What to do
The lines to copy run from the one containing "Tento týden jsme" to the end of the listing. Please write them out exactly, minus the pictures.

Data shown
========

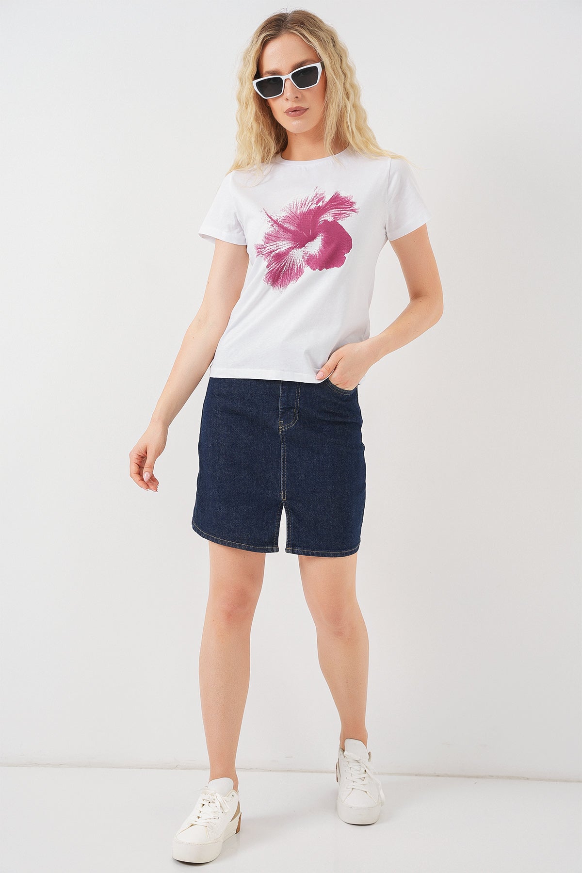 BGD Women Women's Printed Basic T-shirt 4349 - Purple - Mountain View
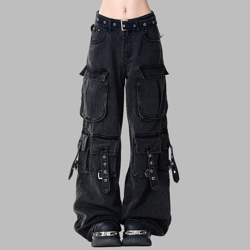 Black Gothic Cargo Pants with Pockets, Straps, and Buckles View options
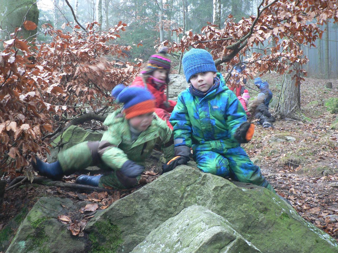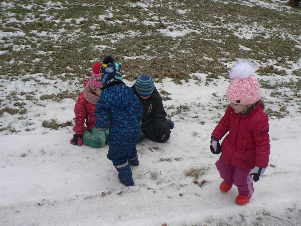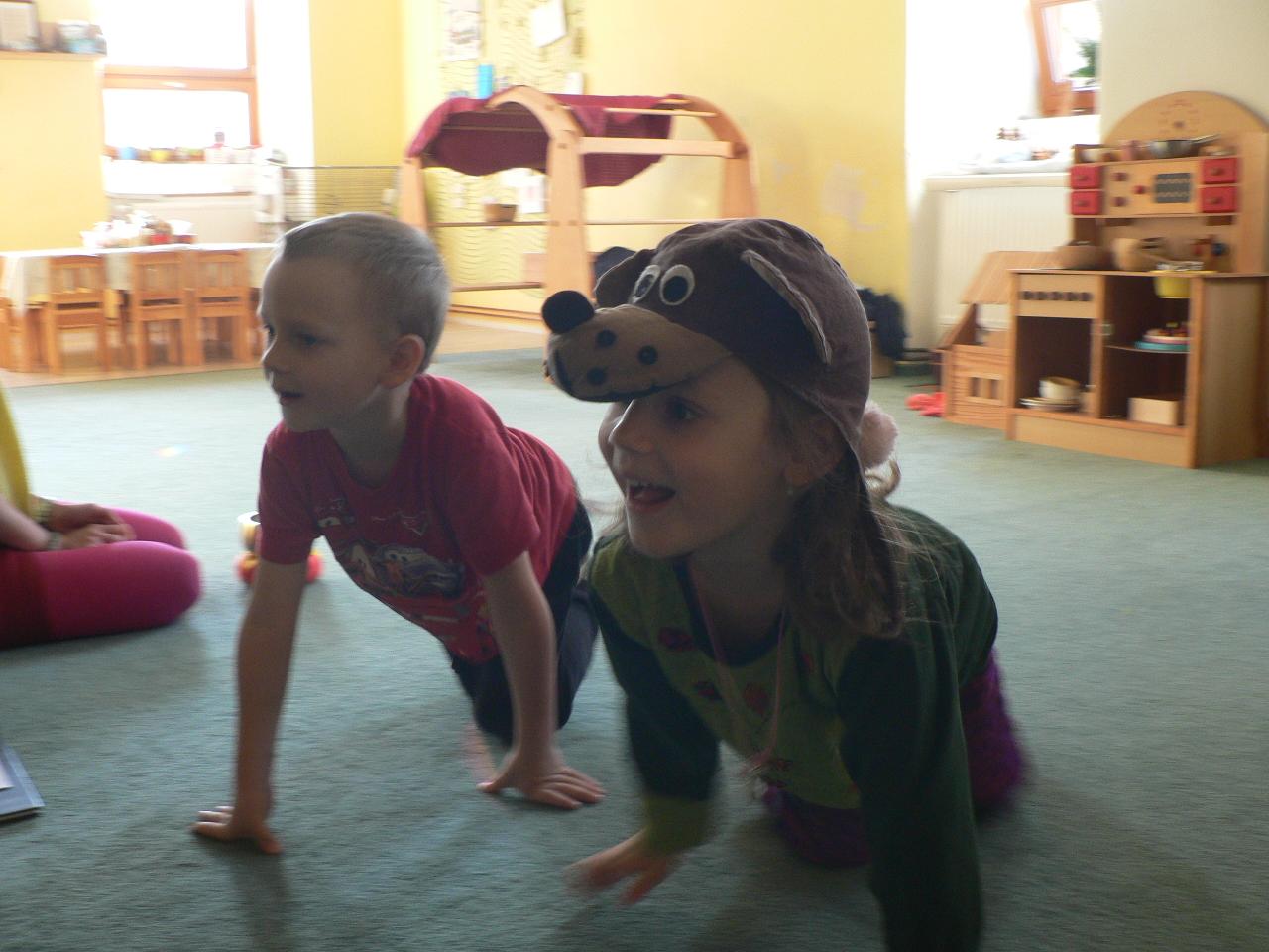 Tento týden jsme strávili ve společnosti medvídka Brumly, kterému se v zimě vůbec nechtělo spát a zažil díky tomu velké dobrodružství. Díky Brumlovi jsme zjistili, proč je pro medvědy zimní spánek tak důležitý a dozvěděli se o těchto velkých šelmách spoustu dalších zajímavostí. Třeba to, jak poznáme, že v lese žije medvěd, čím se takové velké zvíře živí, kdy se rodí mláďata, kde nejraději přezimuje a zda je pro člověka nebezpečný. Zjistili jsme také, že je více druhů medvědů a jak je od sebe můžeme poznat. Poznávali jsme také další zvířata, která v zimě spí a podle stop zjišťovali, která jsou vzhůru a můžeme je v lese zahlédnout nebo potkat u krmelce. Z papíru jsme vystřihovali a lepili medvědy v jeskyni, tiskli na papír stopy a otisky různých lesních zvířat, tvořili puzzle ze špachtlí a obrázkových ubrousků nebo malovali vánici prstovými barvami. Zpívali jsme medvědí písničku a vyzkoušeli si také medvědí bubnování. Venku nás provázelo proměnlivé počasí od sychravého mrholení, mlhavé dny až po krásně slunečno. Byl to velmi pestrý týden a jsme zvědaví, jaká překvapení nám přinese ten příští.
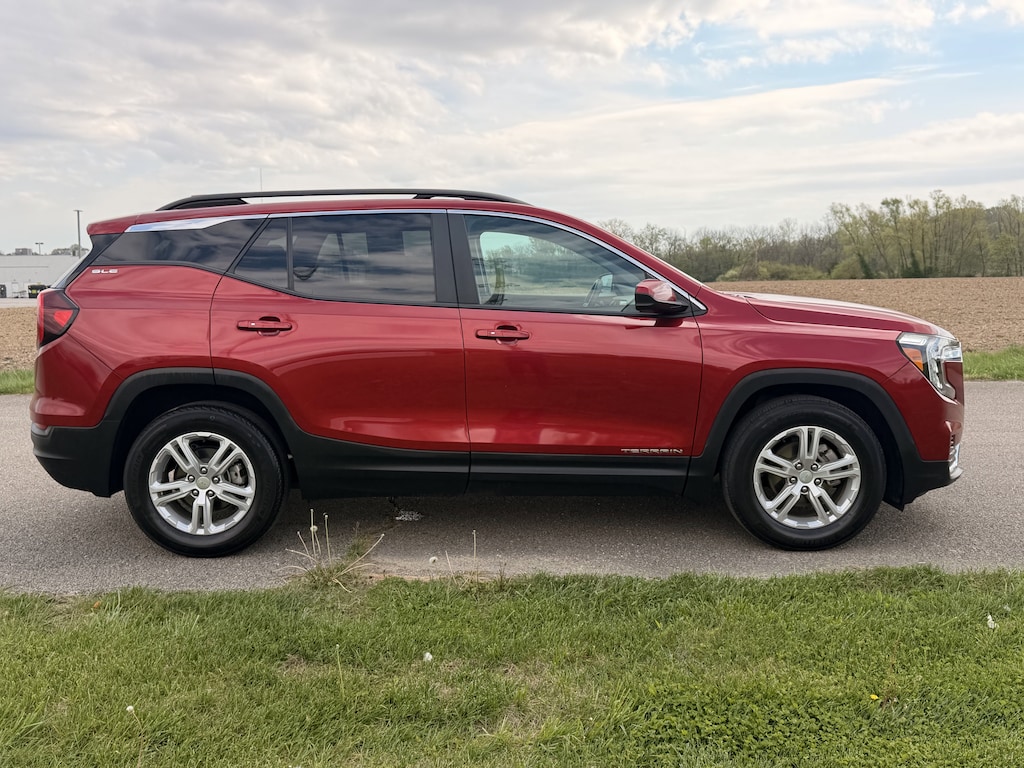 Boasts 29 Highway MPG and 24 City MPG! This GMC Terrain delivers a Turbocharged Gas I4 1.5L/ engine powering this Automatic transmission. WHEELS, 17 X 7 (43.2 CM X 17.8 CM) SILVER PAINTED ALUMINUM, VOLCANIC RED TINTCOAT, TRANSMISSION, 9-SPEED AUTOMATIC 9T45, ELECTRONICALLY-CONTROLLED WITH OVERDRIVE.

========

Exercise response
 Tento týden jsme strávili ve společnosti medvídka Brumly, kterému se v zimě vůbec nechtělo spát a zažil díky tomu velké dobrodružství. Díky Brumlovi jsme zjistili, proč je pro medvědy zimní spánek tak důležitý a dozvěděli se o těchto velkých šelmách spoustu dalších zajímavostí. Třeba to, jak poznáme, že v lese žije medvěd, čím se takové velké zvíře živí, kdy se rodí mláďata, kde nejraději přezimuje a zda je pro člověka nebezpečný. Zjistili jsme také, že je více druhů medvědů a jak je od sebe můžeme poznat. Poznávali jsme také další zvířata, která v zimě spí a podle stop zjišťovali, která jsou vzhůru a můžeme je v lese zahlédnout nebo potkat u krmelce. Z papíru jsme vystřihovali a lepili medvědy v jeskyni, tiskli na papír stopy a otisky různých lesních zvířat, tvořili puzzle ze špachtlí a obrázkových ubrousků nebo malovali vánici prstovými barvami. Zpívali jsme medvědí písničku a vyzkoušeli si také medvědí bubnování. Venku nás provázelo proměnlivé počasí od sychravého mrholení, mlhavé dny až po krásně slunečno. Byl to velmi pestrý týden a jsme zvědaví, jaká překvapení nám přinese ten příští.
 Boasts 29 Highway MPG and 24 City MPG! This GMC Terrain delivers a Turbocharged Gas I4 1.5L/ engine powering this Automatic transmission. WHEELS, 17 X 7 (43.2 CM X 17.8 CM) SILVER PAINTED ALUMINUM, VOLCANIC RED TINTCOAT, TRANSMISSION, 9-SPEED AUTOMATIC 9T45, ELECTRONICALLY-CONTROLLED WITH OVERDRIVE.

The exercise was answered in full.